Мистер Тоцер послушно улыбнулся и заткнул ватный валик между шеей и воротником клиента.
— Славную погодку вы привезли с собой, сэр.
Памфри пропустил эту фразу через свой мозговой спектроскоп. Ее банальность прошла сквозь него, как вода сквозь сито, а на табло замигало слово «привезли»: в Памфри узнали приезжего и обращались к нему как к человеку чужому в этом городе.
— Действительно славную, не правда ли?
Легким нажатием руки Тоцер чуть-чуть наклонил его голову набок. Памфри исподтишка наблюдал за парикмахером в зеркале. Лицо у мистера Тоцера было смуглое, шишковатое и такое длинное, что подбородок касался груди и был обрамлен лацканами белого халата. Уши размером со стандартный ломоть ветчины имели обвисшие мочки, покрытые пухом. Глаза сидели так глубоко, что, казалось, принадлежали не ему, а раку-отшельнику, устало поглядывающему на мир из черепной коробки мистера Тоцера, словно из раковины.

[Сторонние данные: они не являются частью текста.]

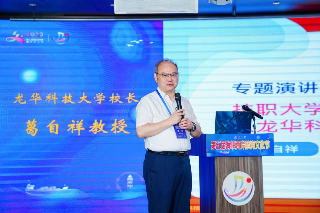 在专题讲座环节,南京静海寺纪念馆馆长苏真女士作《丝绸之路与郑和航海》讲座,回顾了郑和下西洋与中国古代航海的历史,让两岸学子深入了解海上丝绸之路,增强对航海文化的深层理解。台湾龙华科技大学校长葛自祥教授讲授了《技职大学的经营与发展:以龙华科技大学为例》专题讲座,结合龙华科技大学的办学成果和特色,阐述了“大学应更重视学生职场伦理与正确态度之养成教育”的理念和内涵。

— Вы проездом, сэр? — Парикмахер протянул над Памфри длинную руку, которая в раздумье повисла над аккуратным рядом инструментов позади раковины. Похоже, она была готова опуститься на бритву с костяной рукояткой.
Памфри, не спускавший с бритвы глаз, ответил:
— Так и есть.
Рука двинулась дальше и подхватила ручную машинку для стрижки.
— Краткосрочный отпуск, наверное? Хотя нет, насколько я могу судить, вы не рыбак.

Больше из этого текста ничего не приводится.